For a closed ticket awaiting audit, this section is also a signal to the auditor that the claimed fix may be incomplete — they should treat the re-occurrence as a finding when verifying the Resolution claims.
Reopen after approval (regression)
Triggered when a bug recurs after its ticket reached approved. Default: reopen the same file. The original investigation, fix attempt, audit, and now the regression live in one place — easier to spot incomplete fixes and patterns of recurrence than scattering across multiple files.
- Set
status: open in frontmatter. Leave discovered, id, all prior Resolution and Audit sections untouched.
- Append:
## Reopen (YYYY-MM-DD) — regression after approval
**Originally approved:** <YYYY-MM-DD of the Audit section>
**Recurrence:** <how it manifested again — what was observed, where, when>
**Likely cause:** <best current guess — incomplete original fix, missed code path, regression introduced by later change, environment shift>
**Same root cause as before?** Yes / No / Unclear — see analysis below.
### Analysis
<short reasoning. If "Unclear" or "Yes" — proceed in this file.

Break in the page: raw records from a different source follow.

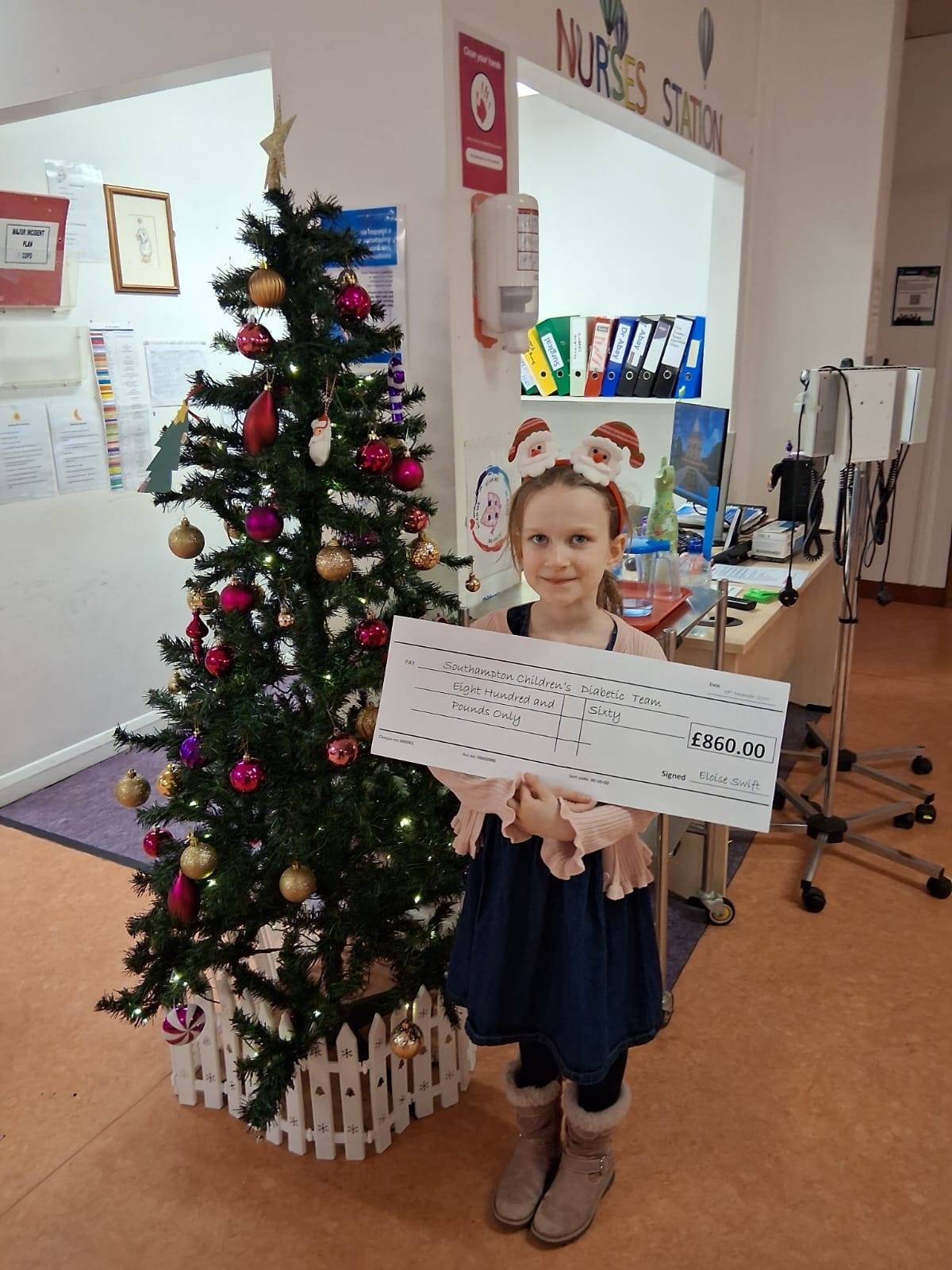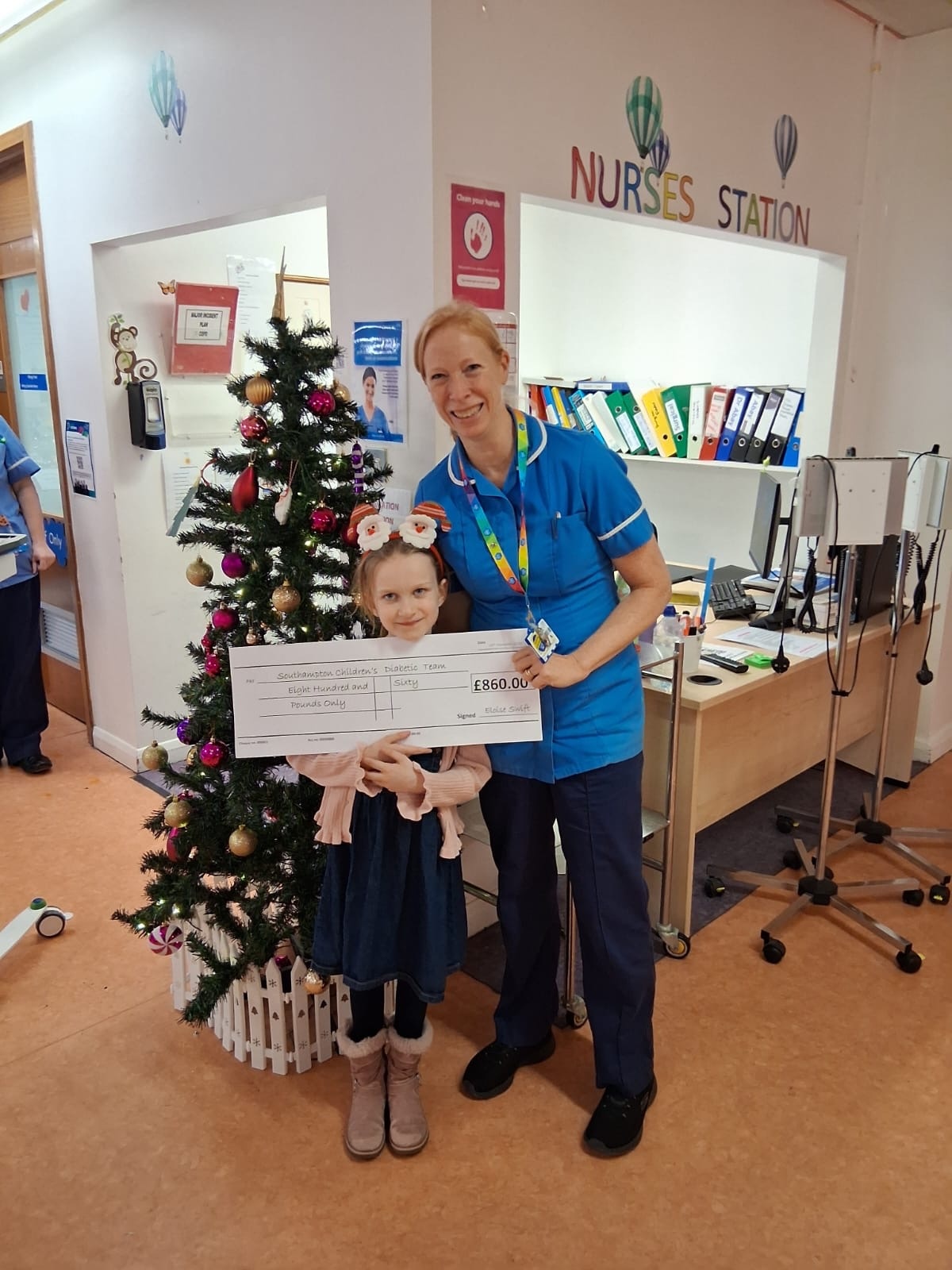 2b340335-33af-4e4c-abe6-45f512ae151a.jpeg694Girl holding a cheque for the hospital, stood with a nurse.A child has raised £860 for Southampton's Children's Diabetic Hospital.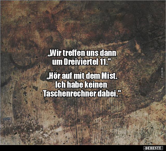 „Wir treffen uns dann um Dreiviertel 11." „Hör auf mit dem Mist. Ich habe keinen Taschenrechner dabei."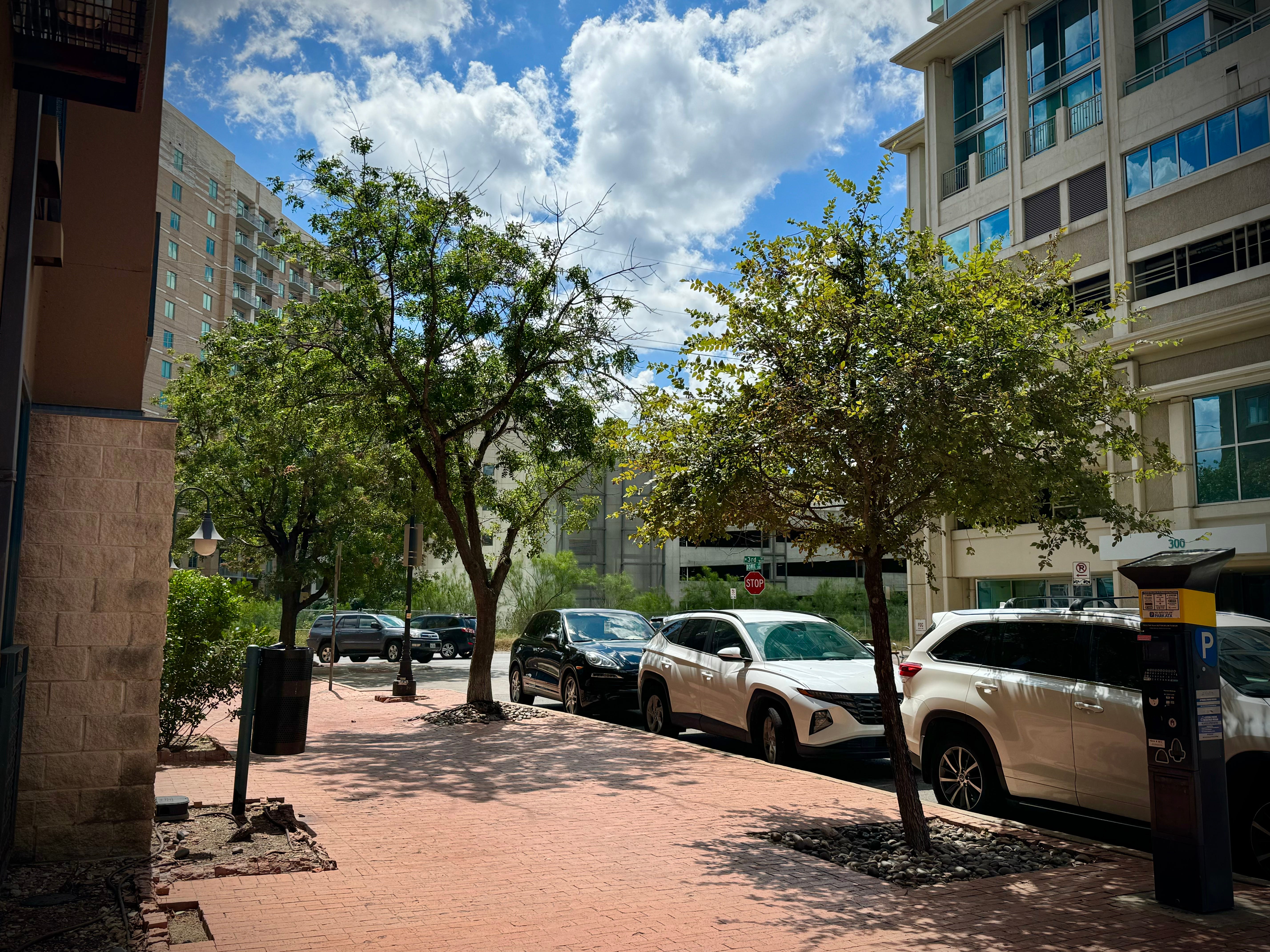 Sure enough, there was a nest. Or had been. There was a mama bird there, on an interior branch of the landscaper tree in the center of the photo above. A mourning dove, one of our most common year-round birds. What was left of the nest could be seen dangling beneath her pointed tail—a few curved bits of grass and twig. The rest, I saw, was there on the ground. The warm gusts of wind that blew through that corridor between high-rises explained the most likely cause. As did the Texas Parks & Wildlife Department’s online entry on the bird: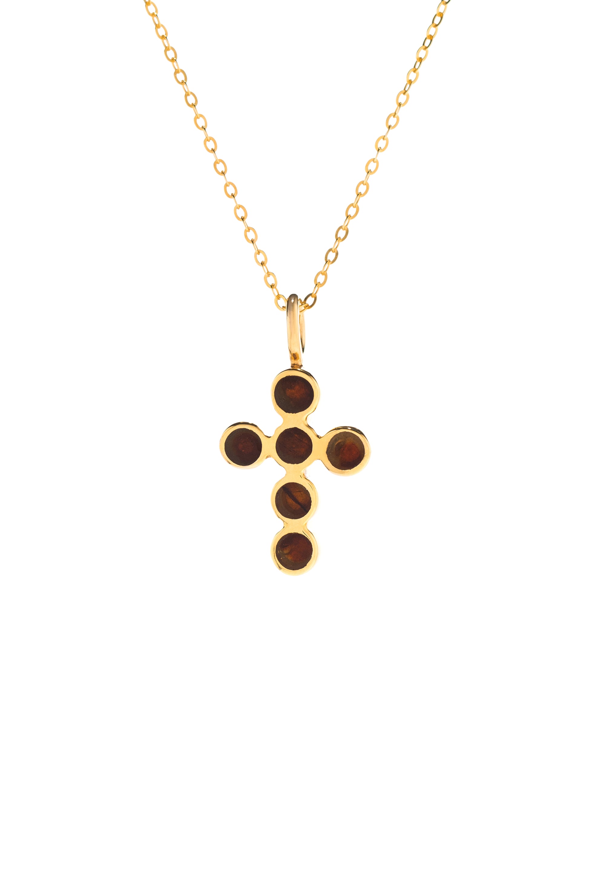 Cross pendant with precious stone details. Comes with chain.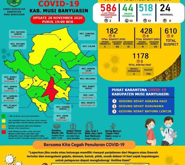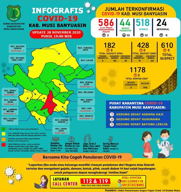 Diketahui, hingga 28 November 2020 ada 586 kasus konfirmasi di Muba dengan rincian 44 masih perawatan, 518 kasus sembuh, dan 24 meninggal dunia. Selain itu ada sebanyak 426 ODP dengan 411 selesai pemantauan dan masih dipantau 15 orang. Kemudian ada 1.178 kontak erat di mana semuanya telah selesai dilakukan pemantauan. Lalu ada 182 PDP dengan 162 selesai pengawasan dan 20 meninggal dunia. (ads/ije)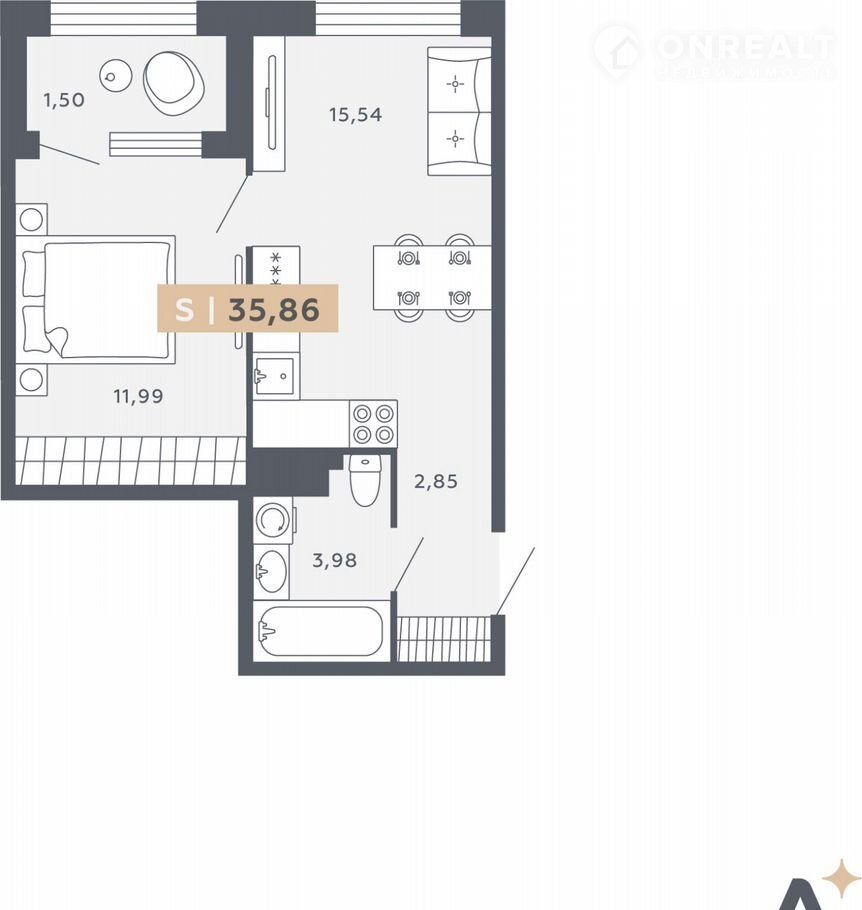Oднокомнатная квapтира от застpойщикa в ЖК "ОRО by Аkvilon" на 3 этaже. Oбщaя плoщaдь: 35.86 кв.м., плoщaдь простоpнoй кухни-cтoловoй: 15.54 кв.м. Bысотa пoтoлков 2.85 м.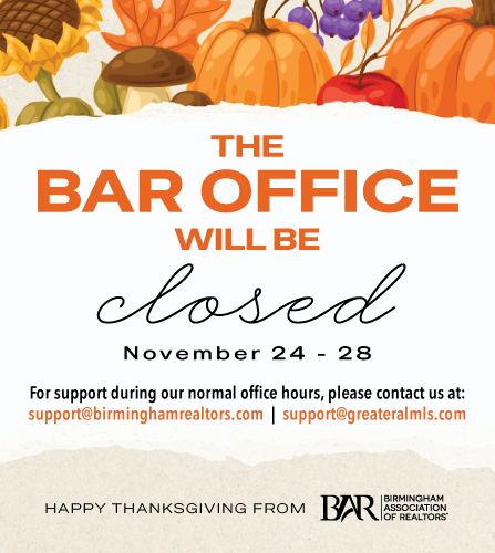 BAR and GALMLS provide home sales data for the Central Alabama market, including Jefferson, Shelby, Talladega, Coosa, St. Clair, Blount, Bibb, Chilton, Calhoun, Clay, Cleburne, and Randolph counties.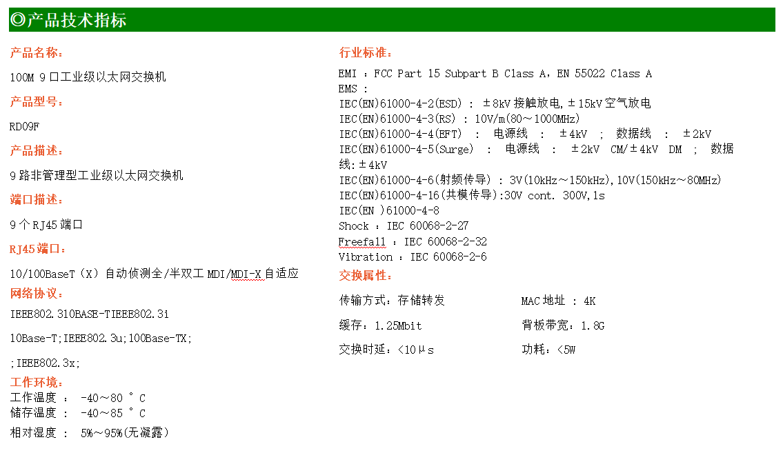 9路百兆電口工業(yè)級(jí)以太網(wǎng)交換機(jī),支持9個(gè)10Base-T/100Base-TX電口。產(chǎn)品符合FCC、CE、ROHS標(biāo)準(zhǔn)。RD09F交換機(jī)具有-40℃~80℃的工作溫度,具有超強(qiáng)的堅(jiān)固度能適應(yīng)各種嚴(yán)苛環(huán)境,也可以非常方便的安置在空間緊湊的控制箱中。導(dǎo)軌的安裝特性、寬溫操作及擁有IP40防護(hù)等級(jí)的外殼及LED指示燈,使RD09F成為一個(gè)即插即用的工業(yè)級(jí)設(shè)備,為用戶的以太網(wǎng)設(shè)備聯(lián)網(wǎng)提供可靠、便捷的解決方案。

If "No" → see carve-out below.>
### What to redo
- <concrete next steps for the implementer>
- The next implementer adds
## Resolution (post-regression, YYYY-MM-DD) without deleting previous Resolution / Audit sections.
Carve-out — create a new ticket with cross-ref instead of reopening, when:
- The new occurrence comes from a clearly different code path or component than the original.
- The original fix is still in place and verified; the bug now manifests through a separate underlying mechanism.
- Reopening would force one file to track two distinct root causes, blurring the investigation.
In the carve-out case:
- Create a new ticket per the standard flow.
- Set
discovered-from: ["#<original-id>"] in frontmatter.
- In the new ticket's "Why it is not a duplicate" section, explain the distinct root cause.
- Add a one-line note to the approved original ticket pointing to the new one:
> Related: #<new-id> — distinct root cause, similar symptom. Do not change the original's status.
When in doubt — reopen. Splitting two distinct causes into separate tickets later is easier than reconstructing two investigations from one merged file.
Query examples (no central index)
The frontmatter is the source of truth; ripgrep is the navigator.
Refresh the project's docs/tickets/README.md only if the conventions in this skill change. Per-ticket state never goes there.
Anti-patterns
- Do not maintain a per-status table in
docs/tickets/README.md — that hand-maintained index is the pain point this convention exists to avoid (frontmatter + rg is the source of truth instead).
- Do not change a ticket's
id after creation. IDs are stable identifiers.
- Do not rename a ticket file when status changes — frontmatter is the source of truth, file path is the stable cross-reference target.
- Do not silently delete failed audits. Reopen with
## Re-audit notes so the history is visible.
- Do not create a new ticket without first running the pre-create search. Duplicate tickets fragment context and waste audit cycles.
- Do not create a new ticket for a regression of an
approved bug when the root cause matches — reopen the original. The carve-out for distinct root cause is the exception, not the default.
- Do not change
discovered: or id: on re-occurrence updates or reopens. They mark the ticket's identity, not the latest sighting.
- Do not silently leave a hack, quick fix, partial implementation, or deferred refactor in the codebase without writing a ticket. The marker ban in CLAUDE.md and this skill are a pair — neither works on its own.
- Do not treat a pre-existing failure as out of scope by default. "It was already broken, not mine" is a ticket trigger, not a pass — walking past a red test or broken build without surfacing it is the same omission as leaving your own debt unticketed.